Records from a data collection

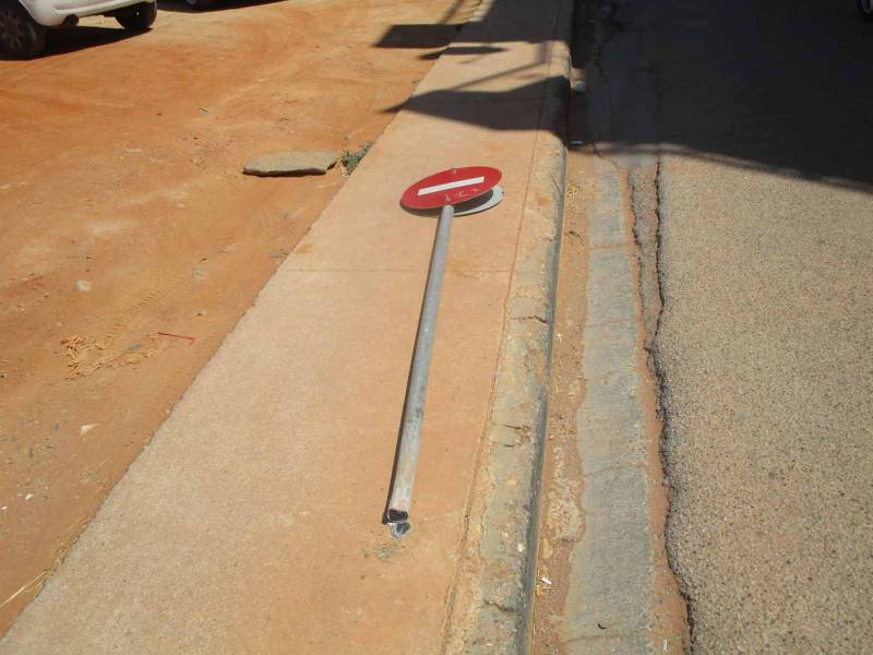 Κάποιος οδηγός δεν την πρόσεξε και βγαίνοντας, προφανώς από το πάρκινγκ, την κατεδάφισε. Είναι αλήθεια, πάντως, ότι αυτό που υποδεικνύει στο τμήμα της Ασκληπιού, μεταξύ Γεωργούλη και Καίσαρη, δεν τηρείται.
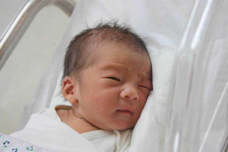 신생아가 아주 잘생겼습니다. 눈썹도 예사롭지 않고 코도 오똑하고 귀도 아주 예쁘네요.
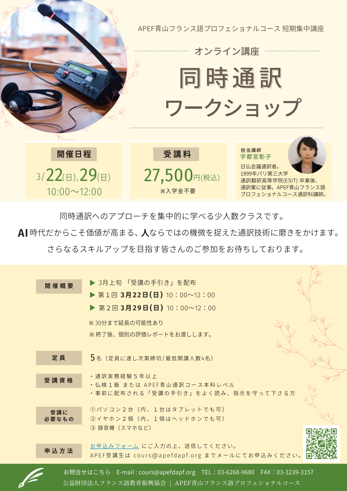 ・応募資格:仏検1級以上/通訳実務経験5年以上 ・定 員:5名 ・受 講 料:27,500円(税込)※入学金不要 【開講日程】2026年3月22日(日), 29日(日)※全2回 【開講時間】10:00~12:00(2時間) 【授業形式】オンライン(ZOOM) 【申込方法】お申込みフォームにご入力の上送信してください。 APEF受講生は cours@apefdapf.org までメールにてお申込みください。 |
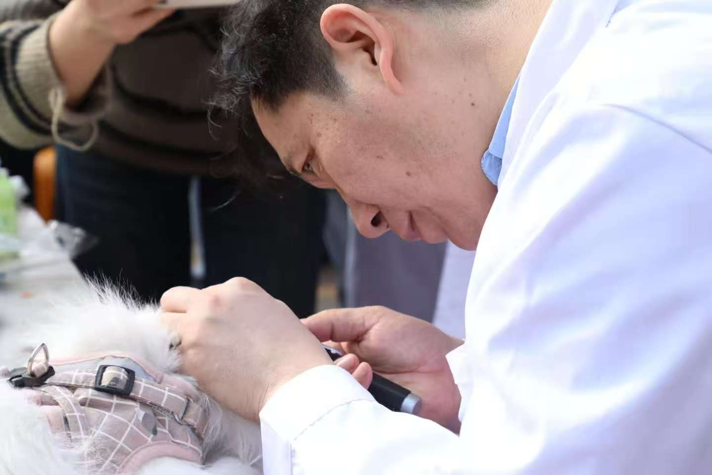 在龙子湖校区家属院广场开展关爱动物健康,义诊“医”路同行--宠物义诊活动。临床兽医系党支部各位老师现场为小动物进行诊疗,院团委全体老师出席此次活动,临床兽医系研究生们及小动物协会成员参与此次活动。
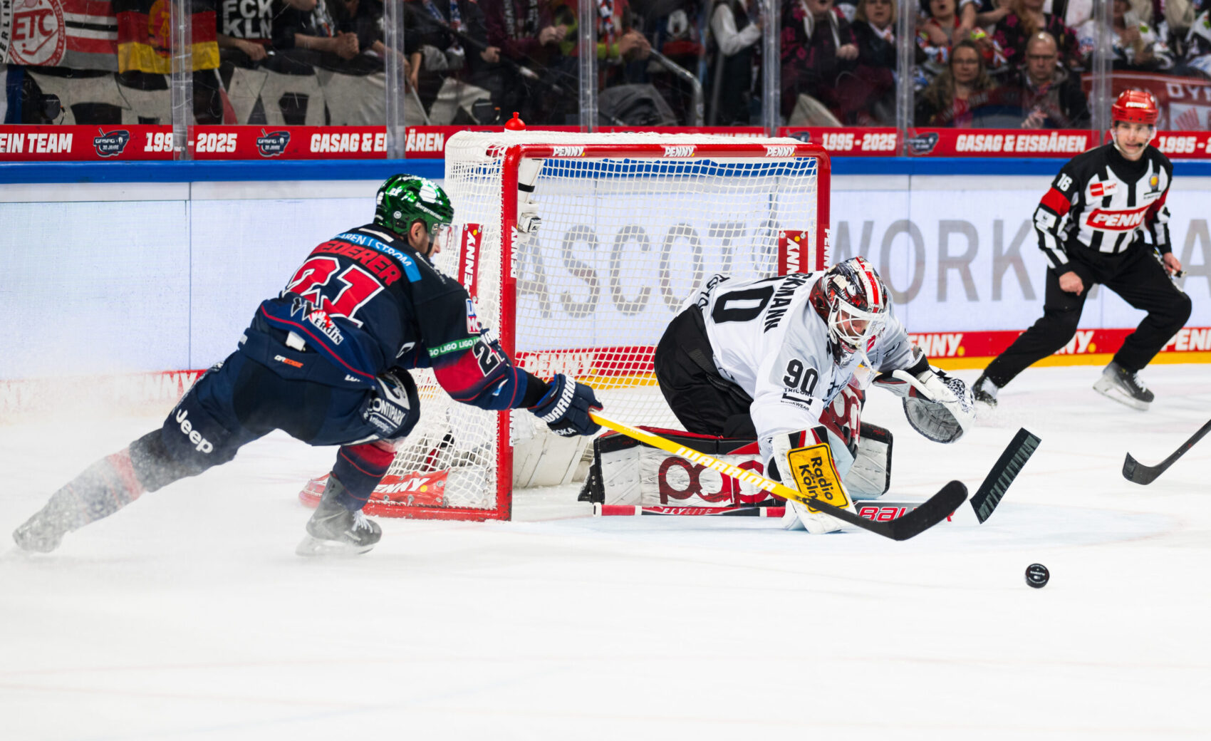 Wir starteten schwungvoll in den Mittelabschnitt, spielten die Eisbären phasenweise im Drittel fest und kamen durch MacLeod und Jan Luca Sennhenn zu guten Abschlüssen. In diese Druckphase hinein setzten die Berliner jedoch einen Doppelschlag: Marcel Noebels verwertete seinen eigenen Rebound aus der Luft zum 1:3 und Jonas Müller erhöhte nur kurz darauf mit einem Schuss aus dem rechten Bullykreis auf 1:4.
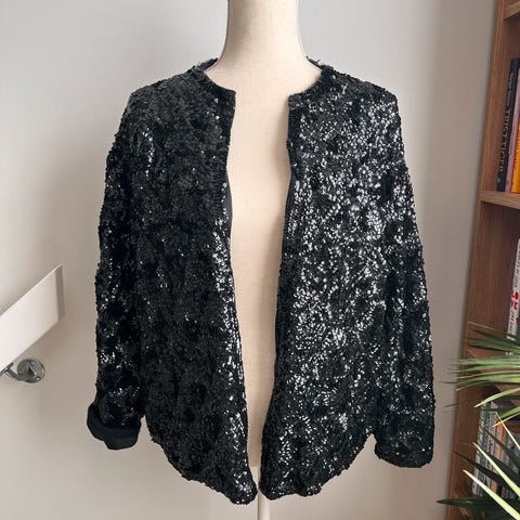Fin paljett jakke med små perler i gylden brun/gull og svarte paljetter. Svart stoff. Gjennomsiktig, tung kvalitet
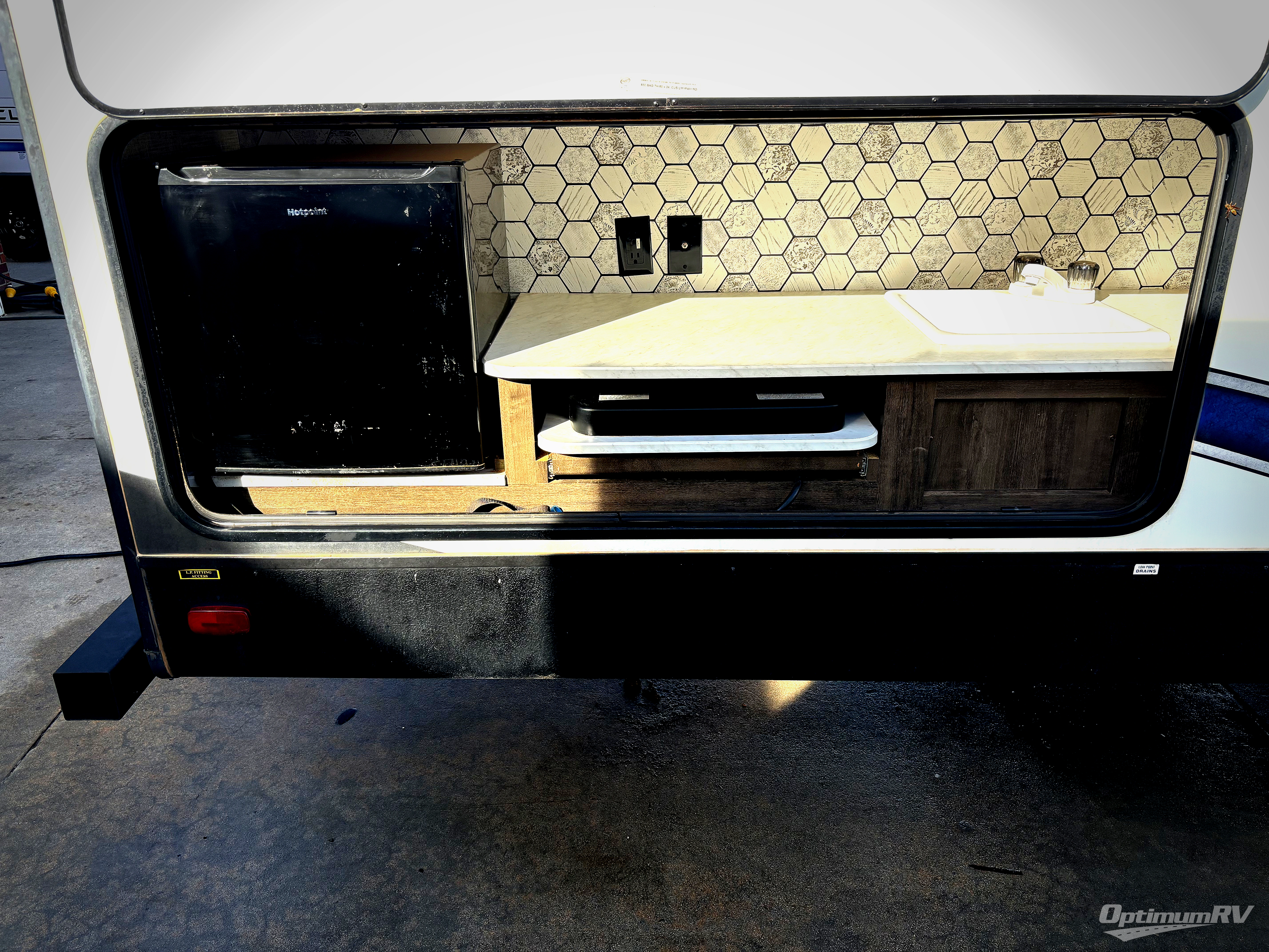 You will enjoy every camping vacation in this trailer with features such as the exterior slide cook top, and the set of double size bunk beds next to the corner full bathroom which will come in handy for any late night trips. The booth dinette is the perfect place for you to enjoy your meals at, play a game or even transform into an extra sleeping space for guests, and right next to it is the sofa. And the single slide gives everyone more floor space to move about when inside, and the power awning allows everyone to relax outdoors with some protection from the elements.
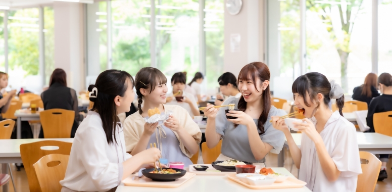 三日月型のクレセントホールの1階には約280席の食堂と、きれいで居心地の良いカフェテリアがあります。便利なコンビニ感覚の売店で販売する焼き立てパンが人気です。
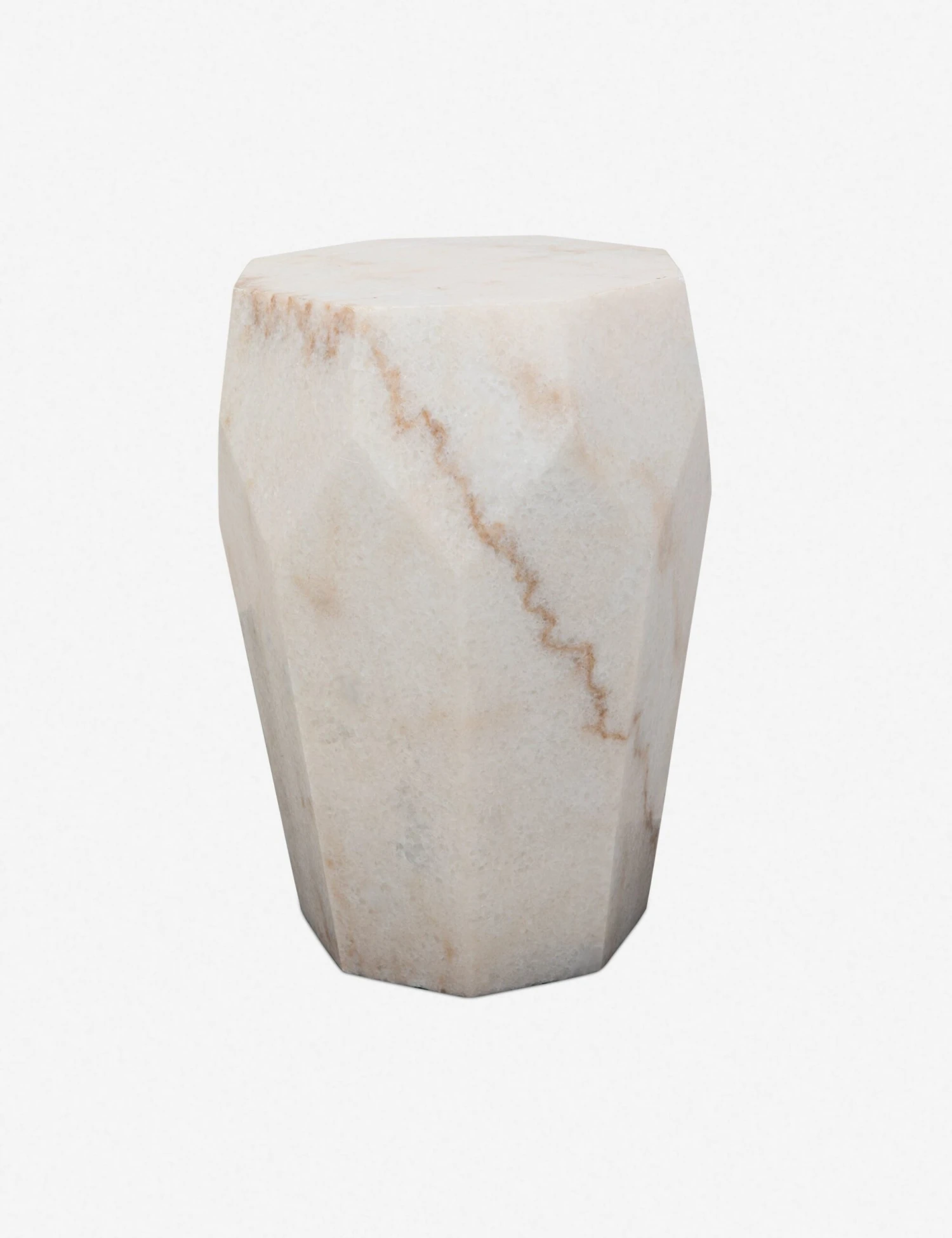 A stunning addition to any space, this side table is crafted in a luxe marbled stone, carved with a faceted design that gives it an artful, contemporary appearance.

*Your goal*
Give back exactly the lines above from the one with "cours@apefdapf.org までメールにてお申込みください。 |" through the one with "Fin paljett jakke", both included. Pictures don't belong in the copy.

*Response for this exercise*
 ・応募資格:仏検1級以上/通訳実務経験5年以上 ・定 員:5名 ・受 講 料:27,500円(税込)※入学金不要 【開講日程】2026年3月22日(日), 29日(日)※全2回 【開講時間】10:00~12:00(2時間) 【授業形式】オンライン(ZOOM) 【申込方法】お申込みフォームにご入力の上送信してください。 APEF受講生は cours@apefdapf.org までメールにてお申込みください。 |
 在龙子湖校区家属院广场开展关爱动物健康,义诊“医”路同行--宠物义诊活动。临床兽医系党支部各位老师现场为小动物进行诊疗,院团委全体老师出席此次活动,临床兽医系研究生们及小动物协会成员参与此次活动。
 Wir starteten schwungvoll in den Mittelabschnitt, spielten die Eisbären phasenweise im Drittel fest und kamen durch MacLeod und Jan Luca Sennhenn zu guten Abschlüssen. In diese Druckphase hinein setzten die Berliner jedoch einen Doppelschlag: Marcel Noebels verwertete seinen eigenen Rebound aus der Luft zum 1:3 und Jonas Müller erhöhte nur kurz darauf mit einem Schuss aus dem rechten Bullykreis auf 1:4.
Fin paljett jakke med små perler i gylden brun/gull og svarte paljetter. Svart stoff. Gjennomsiktig, tung kvalitet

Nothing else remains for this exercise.